Case 4: Stuff This Stupid Job
The Story
Janice Meighen was the Project Management Coordinator hired 6 months ago to install automated project management systems in Building Resources Ltd. (BRL), a small, highly specialized architectural firm. In the beginning, Janice had suffered from three problems in the organization:
- Only two of the 20 architects in this company had any project management and computer experience. The others considered such systems as unnecessary to their chosen field.
- Janice was one of only four women in the company with professional status. All of the support staff in the company were female, however, and the professionals had a tendency to look down on the female professional staff in the same way that they did to the female support staff. Janice also played a facilitation role for the support staff who looked up to her for advice and, from time to time, protection against obvious examples of male chauvinism.
- Janice was not an architect by trade. She was an electronics engineer who had taken an interest in computer science while in university. She did not fit in to the clubby atmosphere of the architects’ office. Unfortunately, the “Architects’ Club” didn’t seem to produce anything more positive than Friday afternoon beer and unsavoury joke sessions.
The last straw came last Thursday when six of the architects banded together to go visit the President of the company at his home to complain about what they called “Janice’s disruptions of their work”. Yet, Janice was able to prove a 34% increase in the bottom line due to the excellence of the system that she had introduced. Her feelings were that, by and large, her energies were being sapped by on-going resistance by a few to her efforts to help the company. And if she wasn’t smooth all the time, well, that was her personality at play.

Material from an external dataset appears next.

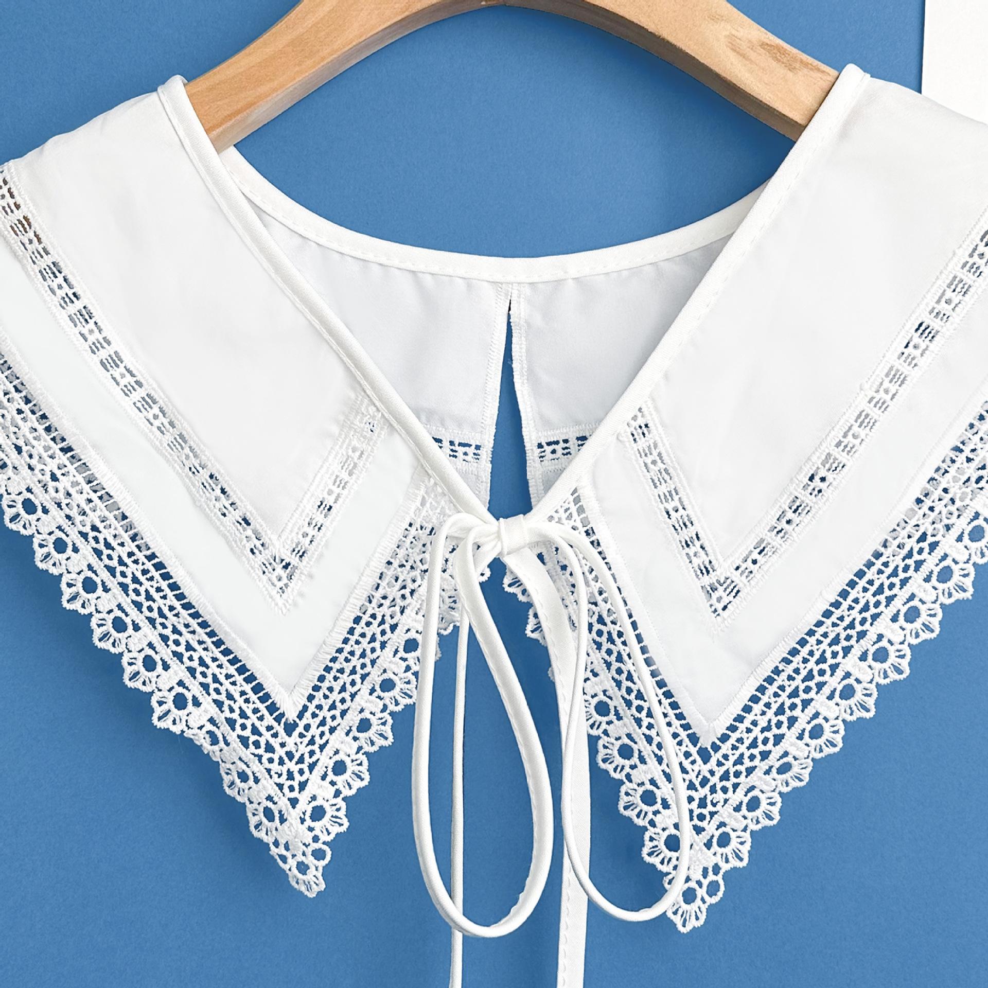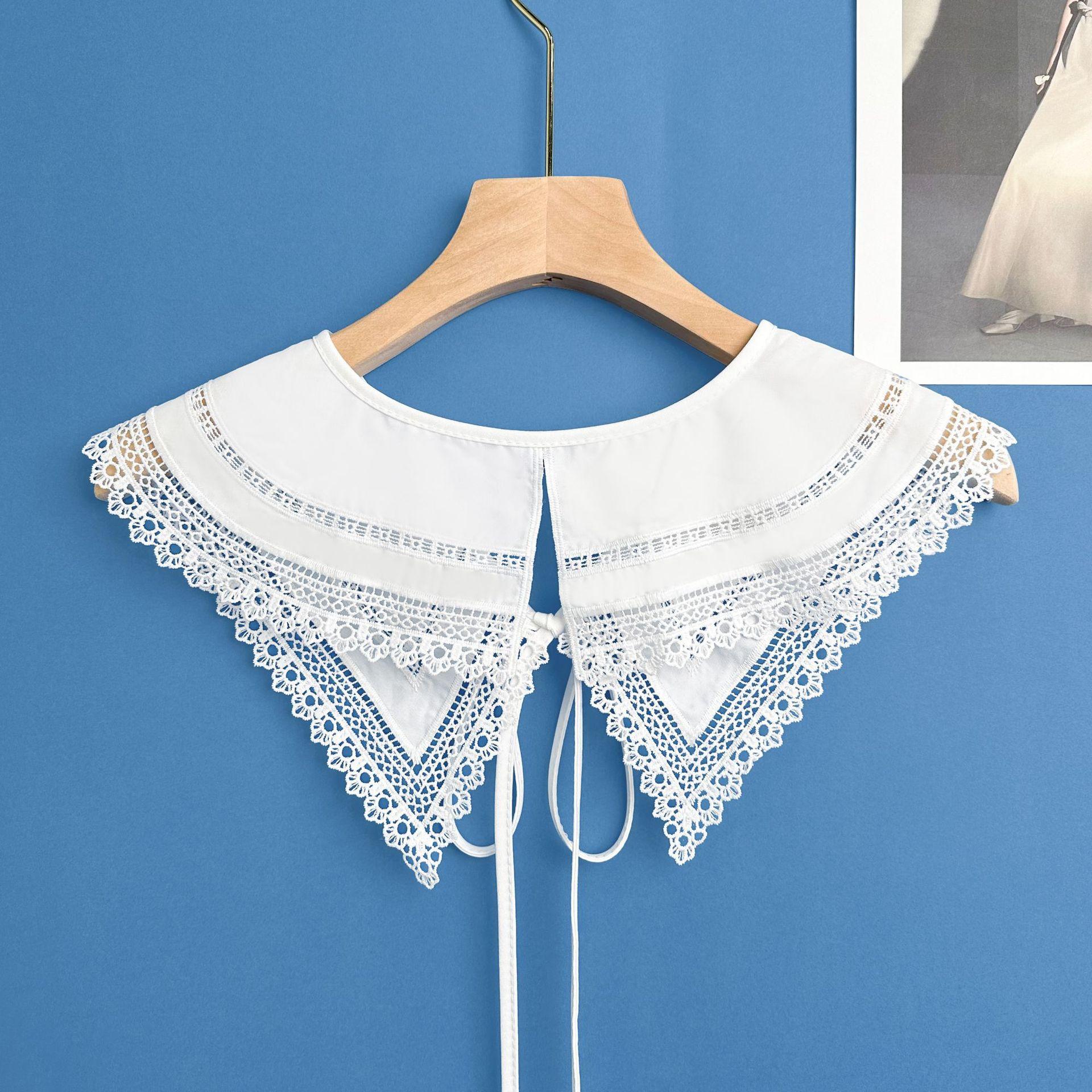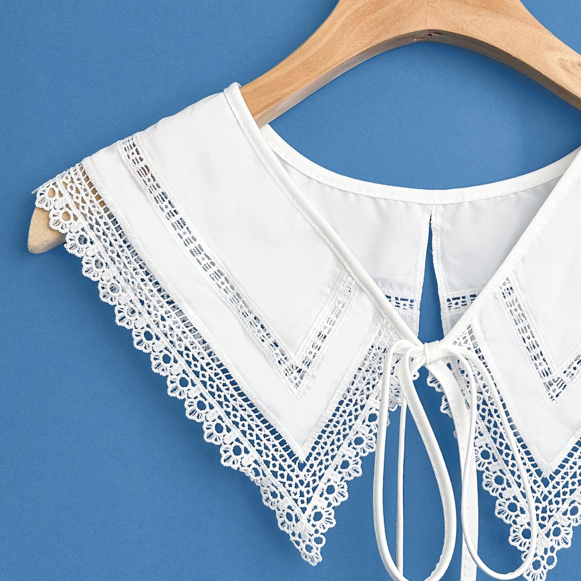 Chal de encaje blanco de estilo coreano, falda exterior a juego con cordones, cuello falso, cuello decorativo multifuncional versátil para mujer

By Friday afternoon she had worked herself up to a frenzy and hastily banged out her resignation. By 4:15 that afternoon she had placed her resignation on the president’s desk and left for the afternoon.
The Intervention
Introducing a new element into an organization, for example a new person, requires careful thought and planning, something that the President of BRL had obviously overlooked. What needs to happen now is:
- Preparing a transition and communications plan to frame the company’s expectations for change;
- Holding information sessions on the Janice’s role in the company for all those affected by the changes she is bringing about;
- Mentoring of Janice to ensure that her assertive personality doesn’t deter from the changes she is trying to bring about;
- Careful attention to the old boy’s club culture with a view to bringing about much needed change in the area of respect for diversity and emotional intelligence;
- Monitoring of the environment to ensure that meaningful change is taking place.